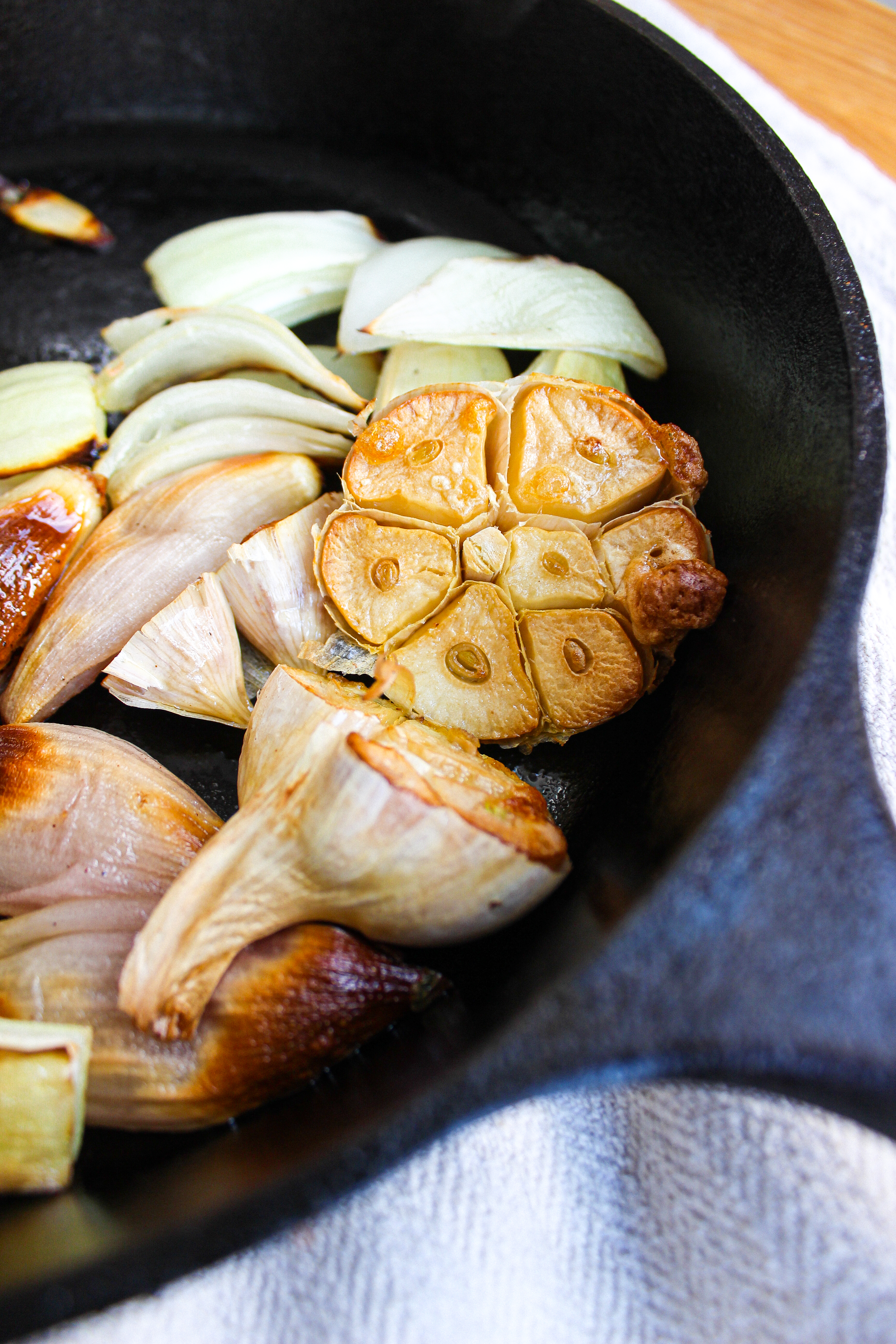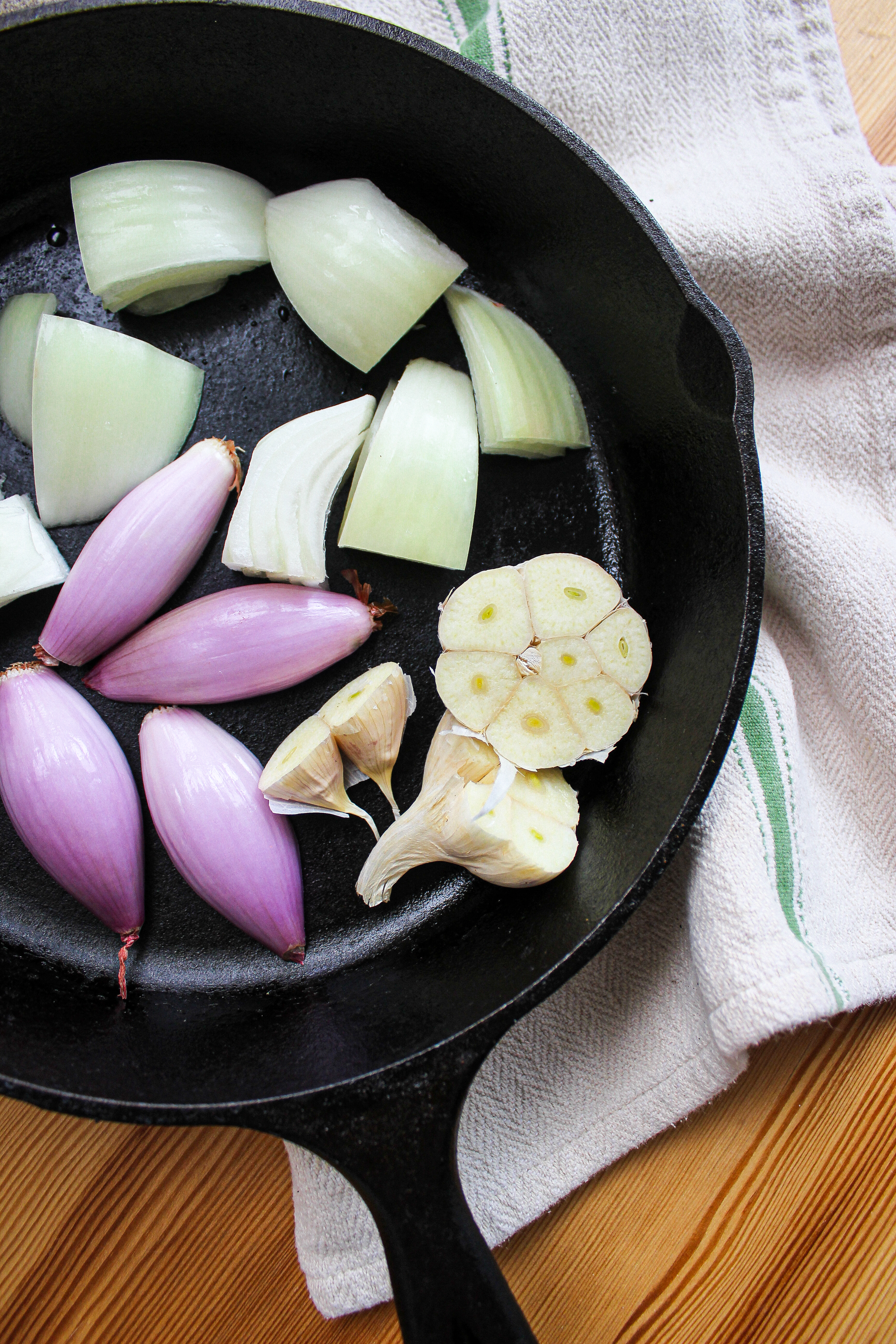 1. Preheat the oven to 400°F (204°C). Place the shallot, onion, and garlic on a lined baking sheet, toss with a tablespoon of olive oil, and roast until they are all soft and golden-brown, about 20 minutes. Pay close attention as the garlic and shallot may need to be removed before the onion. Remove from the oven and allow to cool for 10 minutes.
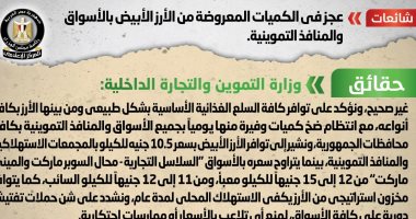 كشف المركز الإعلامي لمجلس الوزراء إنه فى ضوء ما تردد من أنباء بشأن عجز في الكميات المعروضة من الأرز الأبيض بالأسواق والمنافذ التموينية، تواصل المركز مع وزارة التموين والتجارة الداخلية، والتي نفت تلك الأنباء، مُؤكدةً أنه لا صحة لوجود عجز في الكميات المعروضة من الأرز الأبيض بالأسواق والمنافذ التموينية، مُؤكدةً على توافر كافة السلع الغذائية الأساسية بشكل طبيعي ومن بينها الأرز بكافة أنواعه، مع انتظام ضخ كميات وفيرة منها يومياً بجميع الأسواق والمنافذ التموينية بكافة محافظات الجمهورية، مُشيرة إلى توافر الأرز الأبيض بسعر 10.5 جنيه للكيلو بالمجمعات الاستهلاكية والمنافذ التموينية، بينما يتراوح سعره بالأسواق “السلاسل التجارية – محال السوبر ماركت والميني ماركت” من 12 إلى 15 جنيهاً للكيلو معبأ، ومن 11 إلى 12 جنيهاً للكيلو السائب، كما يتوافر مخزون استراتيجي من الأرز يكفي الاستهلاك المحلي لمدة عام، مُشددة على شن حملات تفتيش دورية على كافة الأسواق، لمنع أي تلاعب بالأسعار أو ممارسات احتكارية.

--

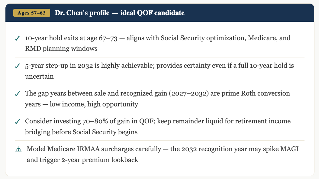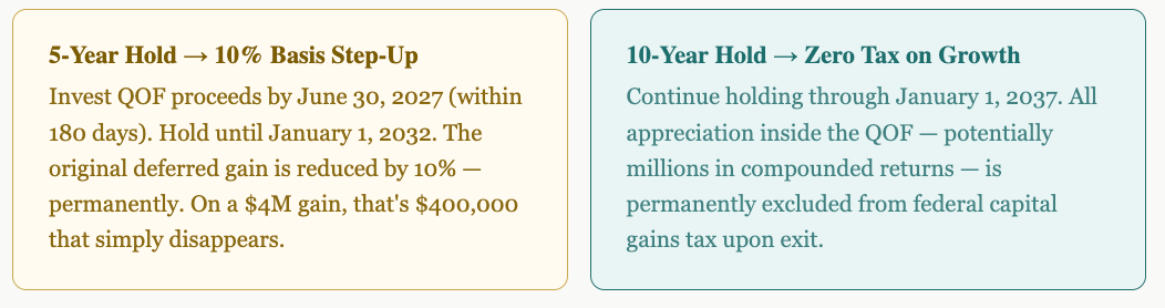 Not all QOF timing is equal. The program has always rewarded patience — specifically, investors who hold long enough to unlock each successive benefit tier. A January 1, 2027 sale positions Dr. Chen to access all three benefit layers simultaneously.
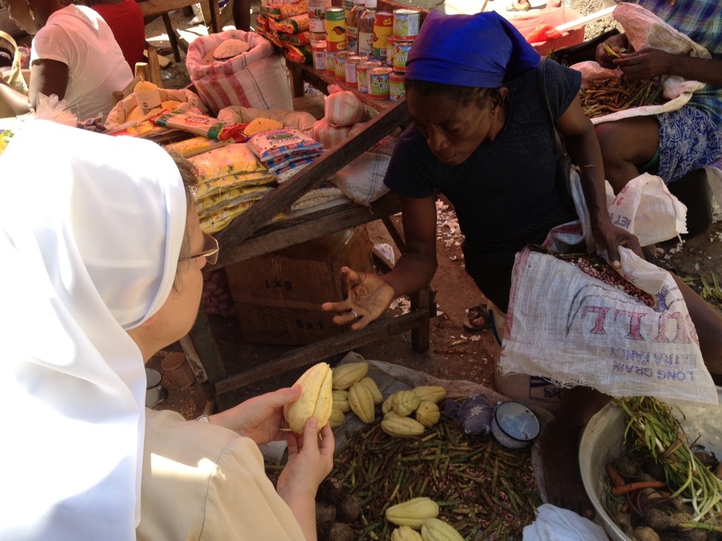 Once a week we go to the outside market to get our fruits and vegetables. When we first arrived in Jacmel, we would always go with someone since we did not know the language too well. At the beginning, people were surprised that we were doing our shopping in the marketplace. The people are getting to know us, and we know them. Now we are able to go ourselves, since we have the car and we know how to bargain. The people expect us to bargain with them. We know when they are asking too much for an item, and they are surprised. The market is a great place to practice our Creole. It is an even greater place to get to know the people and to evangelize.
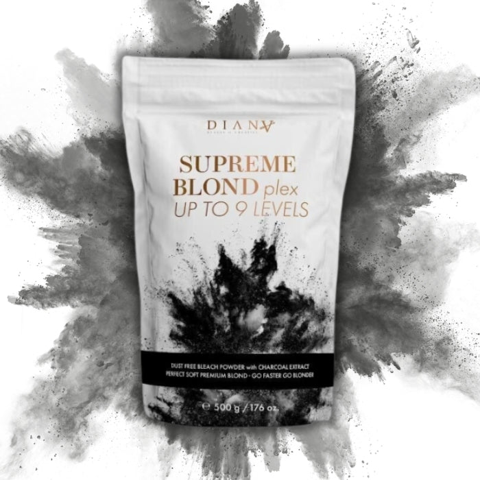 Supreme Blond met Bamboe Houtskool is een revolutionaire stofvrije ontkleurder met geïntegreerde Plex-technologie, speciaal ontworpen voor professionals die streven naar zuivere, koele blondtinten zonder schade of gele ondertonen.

■ The problem:
Pictures do not belong in the answer. Return the lines above starting at the one with "1. Preheat the" and ending at the one with "كشف المركز الإعلامي", both kept, exactly.

■ Task output:
 1. Preheat the oven to 400°F (204°C). Place the shallot, onion, and garlic on a lined baking sheet, toss with a tablespoon of olive oil, and roast until they are all soft and golden-brown, about 20 minutes. Pay close attention as the garlic and shallot may need to be removed before the onion. Remove from the oven and allow to cool for 10 minutes.
 كشف المركز الإعلامي لمجلس الوزراء إنه فى ضوء ما تردد من أنباء بشأن عجز في الكميات المعروضة من الأرز الأبيض بالأسواق والمنافذ التموينية، تواصل المركز مع وزارة التموين والتجارة الداخلية، والتي نفت تلك الأنباء، مُؤكدةً أنه لا صحة لوجود عجز في الكميات المعروضة من الأرز الأبيض بالأسواق والمنافذ التموينية، مُؤكدةً على توافر كافة السلع الغذائية الأساسية بشكل طبيعي ومن بينها الأرز بكافة أنواعه، مع انتظام ضخ كميات وفيرة منها يومياً بجميع الأسواق والمنافذ التموينية بكافة محافظات الجمهورية، مُشيرة إلى توافر الأرز الأبيض بسعر 10.5 جنيه للكيلو بالمجمعات الاستهلاكية والمنافذ التموينية، بينما يتراوح سعره بالأسواق “السلاسل التجارية – محال السوبر ماركت والميني ماركت” من 12 إلى 15 جنيهاً للكيلو معبأ، ومن 11 إلى 12 جنيهاً للكيلو السائب، كما يتوافر مخزون استراتيجي من الأرز يكفي الاستهلاك المحلي لمدة عام، مُشددة على شن حملات تفتيش دورية على كافة الأسواق، لمنع أي تلاعب بالأسعار أو ممارسات احتكارية.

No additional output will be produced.